Effect of feature scaling on accuracy
Asked Answered
M

1

12

I am working on image classification using Gaussian Mixture Models. I have around 34,000 features, belonging to three classes, all lying in a 23 dimensional space. I performed feature scaling on both the training and testing data using different methods, and I observed that accuracy actually reduces after performing scaling. I performed feature scaling because there was a difference of many orders between many features. I am curious to know why this is happening, I thought that feature scaling would increase the accuracy, especially given the large differences in features.

Maryrose answered 31/10, 2014 at 5:52 Comment(3)
1) How many training samples do you have? 2) Are you doing testing by testing on data not seen during training? (In this case since you are doing GMM, you are just doing clustering.) 3) What is the accuracy B4 and AFTER your change?Midriff
I should have added this in the question itself, sorry about it. I am using the GMM to build a Bayes classifier. Well before the scaling, I was getting an accuracy of 70%, and after the scaling, the accuracy reduces to 45%.Maryrose
@Raghuram Do you have native pictures? What happens if you enlarge the native picture? Accuracy should not be lost here.Veneration
M
27

I thought that feature scaling would increase the accuracy, especially given the large differences in features.
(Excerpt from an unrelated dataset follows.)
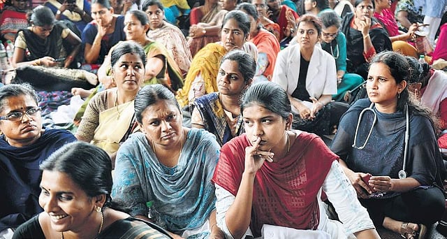 Hundreds of doctors assembled at the Rajiv Gandhi Government General Hospital campus, to stage a protest to highlight their four-point charter of demands which included pay hike. Patients health care services across the districts were hit after government doctors went on a one- day strike, excluding emergency and casualty services.

Welcome to the real world buddy.

In general, it is quite true that you want features to be in the same "scale" so that you don't have some features "dominating" other features. This is especially so if your machine learning algorithm is inherently "geometrical" in nature. By "geometrical", I mean it treats the samples are points in a space, and relies on distances (usually Euclidean/L2 as is your case) between points in making its predictions, i.e., the spatial relationships of the points matter. GMM and SVM are algorithms of this nature.

However, feature scaling can screw things up, especially if some features are categorical/ordinal in nature, and you didn't properly preprocess them when you appended them to the rest of your features. Furthermore, depending on your feature scaling method, presence of outliers for a particular feature can also screw up the feature scaling for that feature. For e.g., a "min/max" or "unit variance" scaling is going to be sensitive to outliers (e.g., if one of your feature encodes yearly income or cash balance and there are a few mi/billionaires in your dataset).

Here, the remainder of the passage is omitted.